● Work instructions
Omit every picture. Return all other data as it stands.

━━━━━ Given data ━━━━━

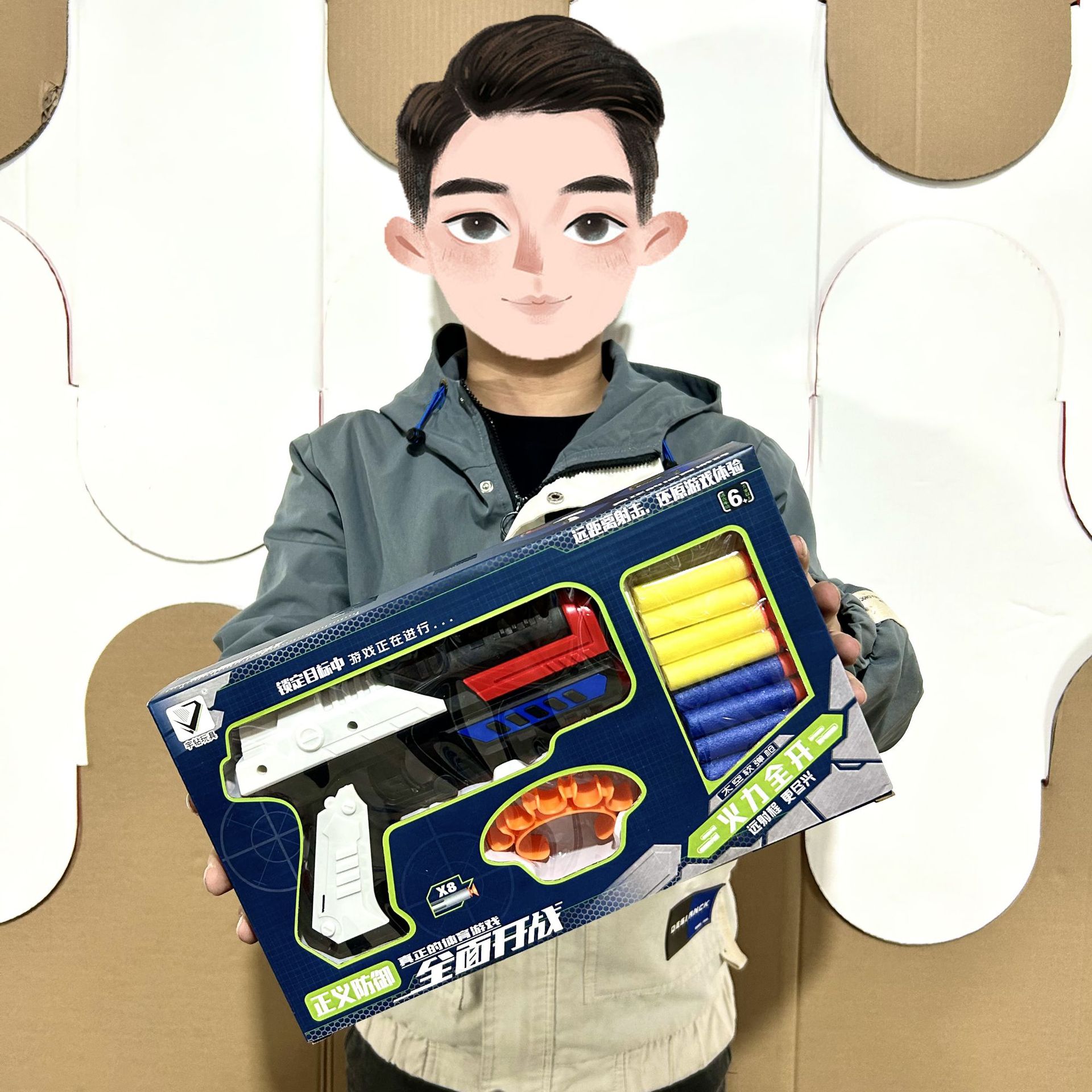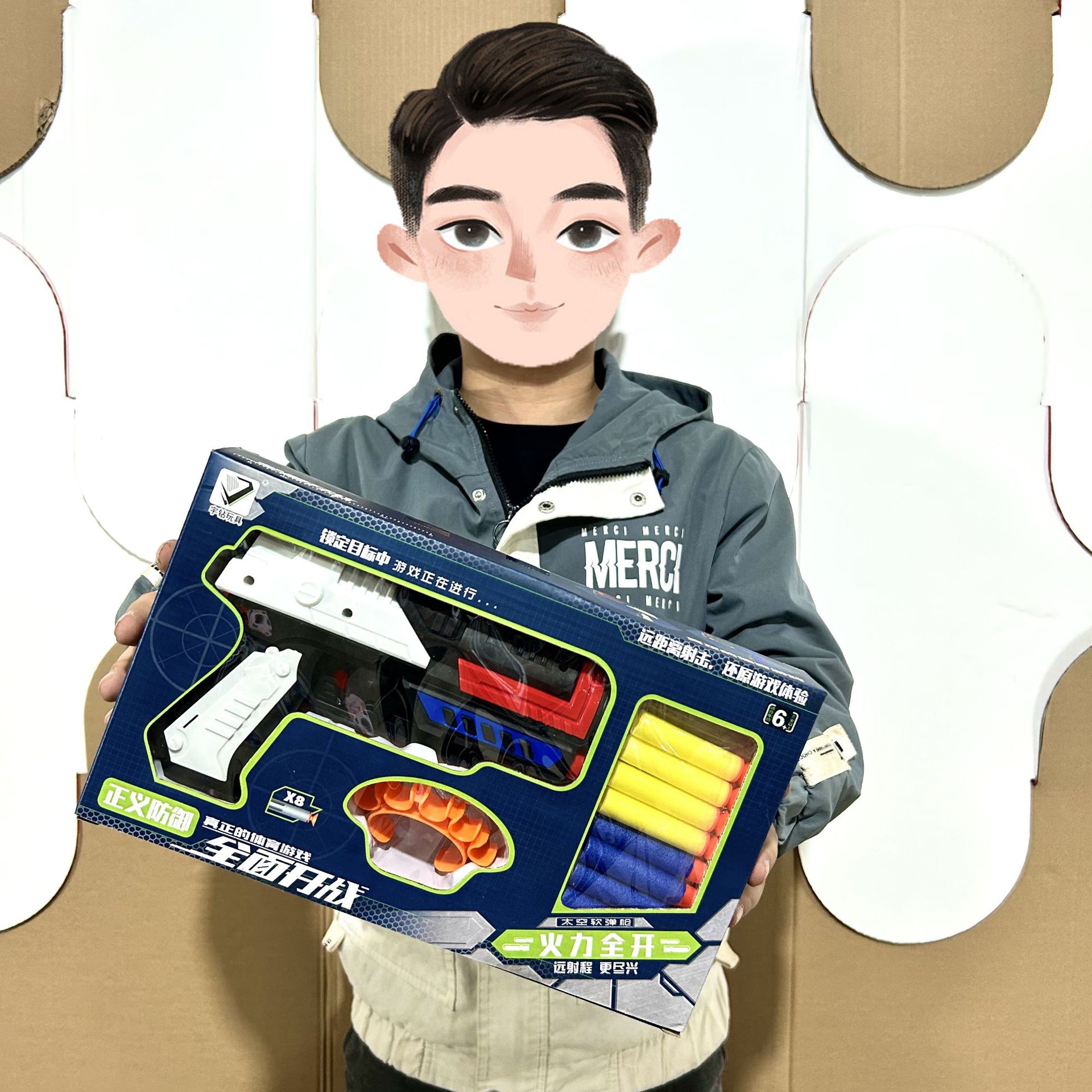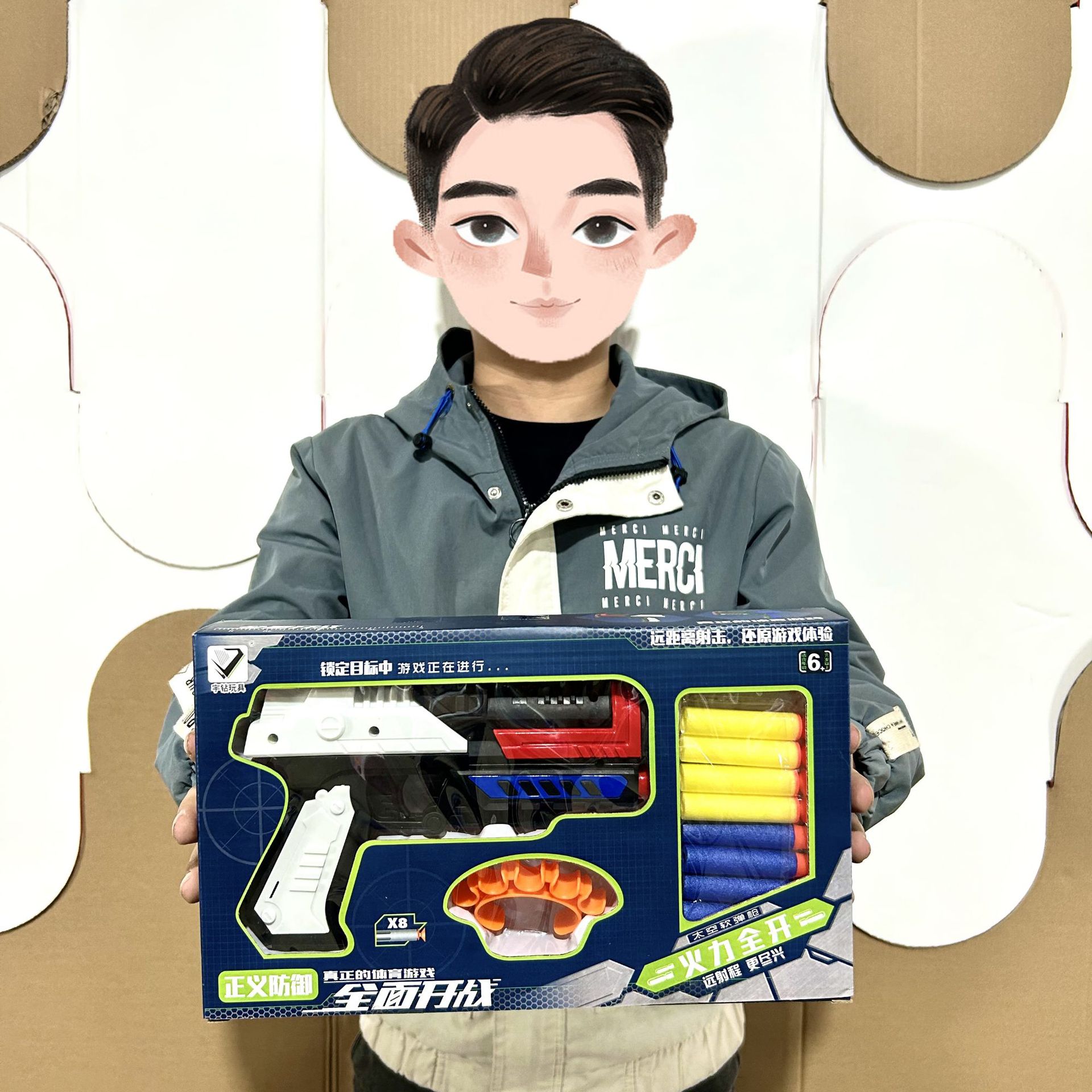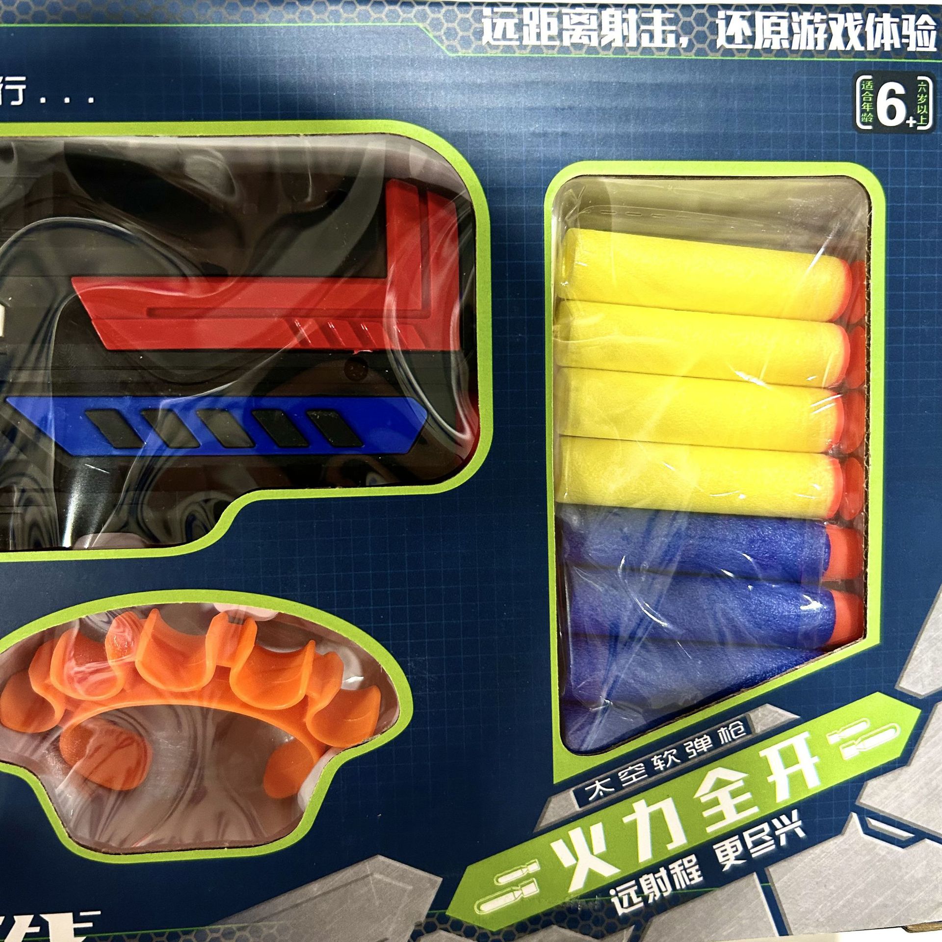 어린이 선물 상자 공간 권총 EVA 소프트 불릿 인터랙티브 부모-자식 소년 장난감 총 청 선물 노점 도매
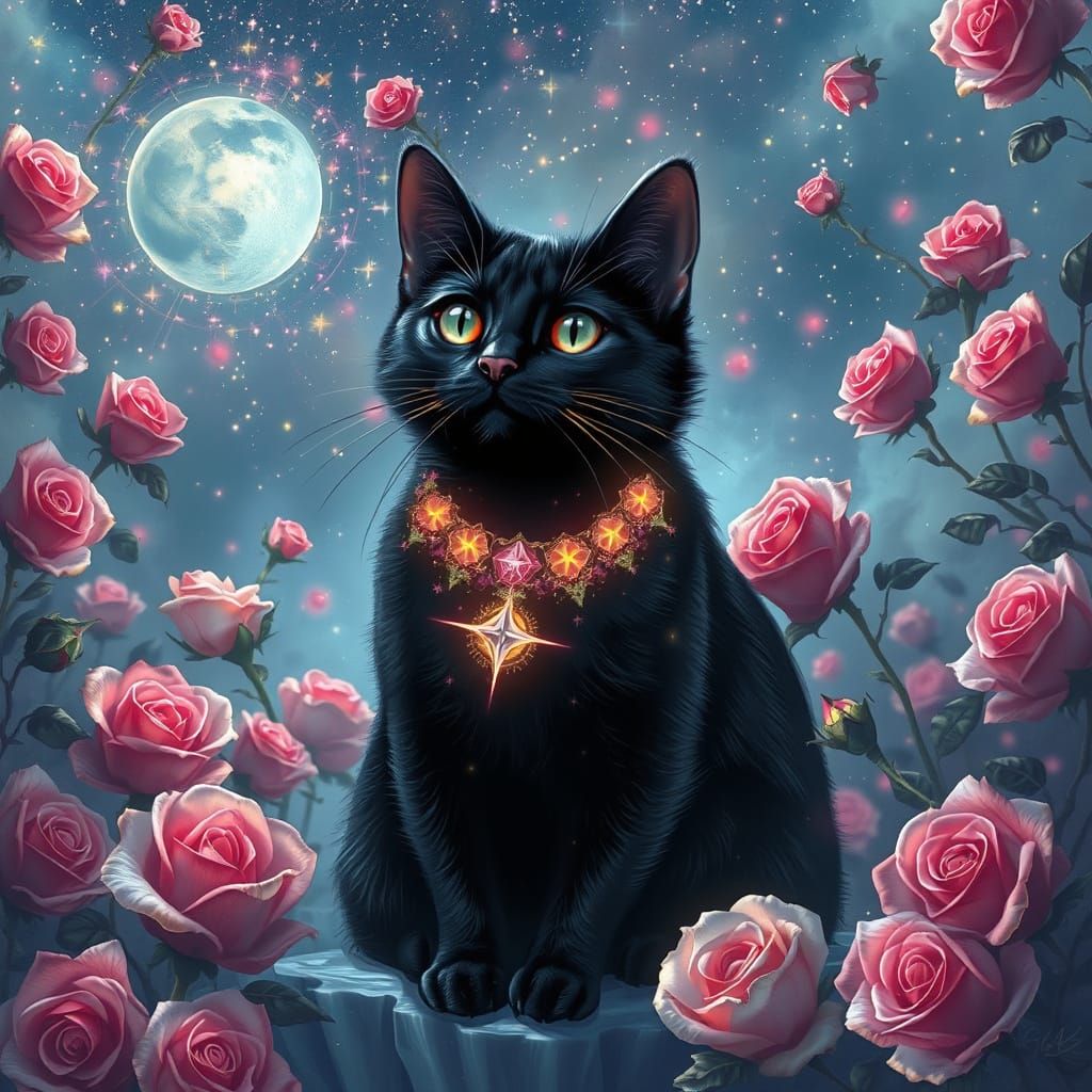 A striking picture of a black cat with a celestial collar sitting in a rose garden. The image has soft textures and cosmic colors, in a dreamy, ethereal style.
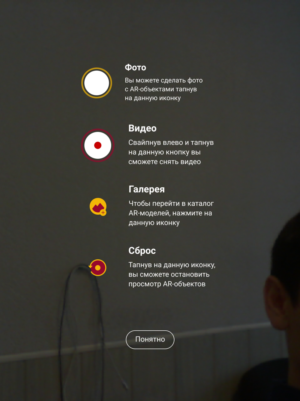 Для создания фото и записи видео с объектами в дополненной реальности, предоставьте разрешения на вашем устройстве.
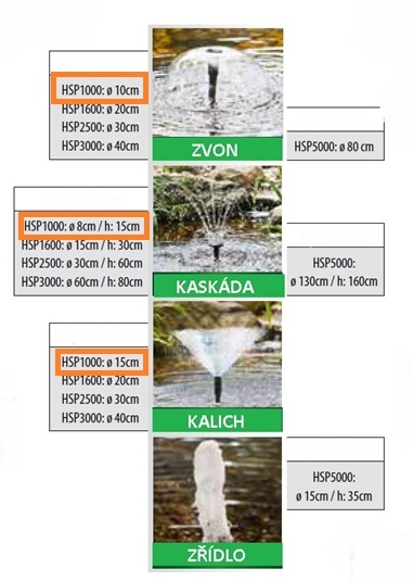 | 3 vodní efekty | vodní zvon, kalich, kaskáda |

━━━━━

● Response below
 어린이 선물 상자 공간 권총 EVA 소프트 불릿 인터랙티브 부모-자식 소년 장난감 총 청 선물 노점 도매
 A striking picture of a black cat with a celestial collar sitting in a rose garden. The image has soft textures and cosmic colors, in a dreamy, ethereal style.
 Для создания фото и записи видео с объектами в дополненной реальности, предоставьте разрешения на вашем устройстве.
 | 3 vodní efekty | vodní zvon, kalich, kaskáda |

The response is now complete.